Colm O'Gorman, Executive Director of Amnesty International Ireland, said: "We welcome today’s historic announcement acknowledging Travellers’ unique identity as a distinct ethnic group. It is more than a symbolic step, but an important recognition of the community’s heritage and identity.

"Travellers in Ireland continue to suffer substantial levels of racial discrimination. They are more likely to be unemployed and living in poverty than people in the settled community.

"Today’s announcement is not about bestowing privileges, but ensuring that Travellers are able to achieve the same equality of opportunity and treatment to which everyone in Ireland, Traveller or settled, is entitled."

The Irish Council for Civil Liberties (ICCL) has also welcomed the move.

It says the "historic failure" to properly recognise Travellers as an ethnic group has long been viewed by the ICCL as contrary to international human rights law.

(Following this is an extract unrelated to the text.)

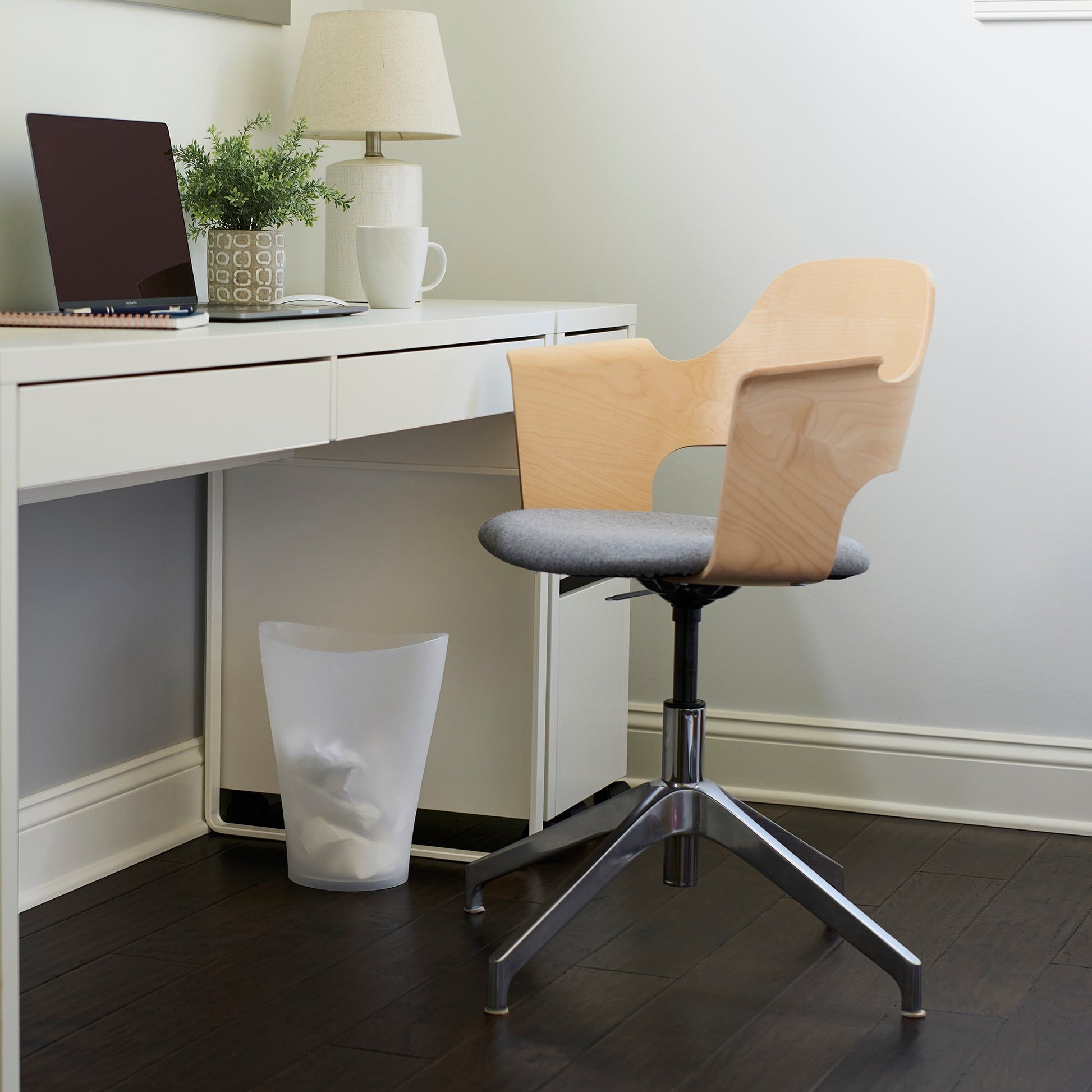 - Collect trash or recycling in this compact, contemporary wastebasket
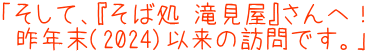 昨年末はクリスマスイブの夕食訪問でしたが(その時のページはこちら)、今回はお昼ごはん利用です。ちなみにこの日ここまで妙に遠回りというかのんびりと進んできた理由は、こちら滝見屋さんの開店時間に合わせてきたからです。 |

"This failure has served to fuel the mistrust, marginalisation and overt discrimination which has been the hallmark of relations between the majority ‘settled’ population and the Traveller community", the ICCL says.

Speaking in advance of the Taoiseach’s statement, executive director of the ICCL, Liam Herrick said: "Today’s announcement is truly historic event to be welcomed by all those who wish to see a society based on inclusion and respect.

"Recognition of Traveller ethnicity by the Government is a powerful statement that the history and tradition of Travellers is to be acknowledged, respected and valued.

"The recognition of Traveller ethnicity should mark a turning point in the treatment of Travellers in Irish society.”

While the Green Party also welcomed the recognition, saying the move was long overdue.

Green Party spokesperson for Community and Local Government, Malcolm Noonan, said: "We welcome the announcement that the Taoiseach is to formally recognise Traveller ethnicity in the Dáil today.

"Discrimination against Travellers coupled with poor outcomes in health and education and low employment opportunities have over decades compounded a multiplicity of problems that are unjust in a civilised society.

"Recognition of their ethnic minority status will give due recognition to their distinct culture and language and that it was a culture that should be celebrated and protected.